**Records for the task**
—————
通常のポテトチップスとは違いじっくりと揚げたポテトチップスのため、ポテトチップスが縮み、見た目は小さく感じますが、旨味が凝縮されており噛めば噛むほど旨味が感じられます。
—————
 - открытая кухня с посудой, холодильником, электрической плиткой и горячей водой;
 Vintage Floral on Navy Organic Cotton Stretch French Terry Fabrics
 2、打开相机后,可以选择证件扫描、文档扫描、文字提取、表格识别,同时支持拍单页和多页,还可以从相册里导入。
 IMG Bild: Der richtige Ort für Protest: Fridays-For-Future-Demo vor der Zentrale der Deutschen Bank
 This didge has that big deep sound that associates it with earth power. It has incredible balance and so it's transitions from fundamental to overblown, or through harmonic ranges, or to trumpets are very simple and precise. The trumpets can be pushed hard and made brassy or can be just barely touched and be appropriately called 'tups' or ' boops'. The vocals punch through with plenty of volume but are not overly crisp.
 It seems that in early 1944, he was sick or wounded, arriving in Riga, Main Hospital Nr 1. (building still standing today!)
—————
**Problem statement**
From the records above, transcribe exactly the run of lines that opens with the line holding "Vintage Floral on" and closes with the line holding "This didge has", both included.

**Exercise solution**
 Vintage Floral on Navy Organic Cotton Stretch French Terry Fabrics
 2、打开相机后,可以选择证件扫描、文档扫描、文字提取、表格识别,同时支持拍单页和多页,还可以从相册里导入。
 IMG Bild: Der richtige Ort für Protest: Fridays-For-Future-Demo vor der Zentrale der Deutschen Bank
 This didge has that big deep sound that associates it with earth power. It has incredible balance and so it's transitions from fundamental to overblown, or through harmonic ranges, or to trumpets are very simple and precise. The trumpets can be pushed hard and made brassy or can be just barely touched and be appropriately called 'tups' or ' boops'. The vocals punch through with plenty of volume but are not overly crisp.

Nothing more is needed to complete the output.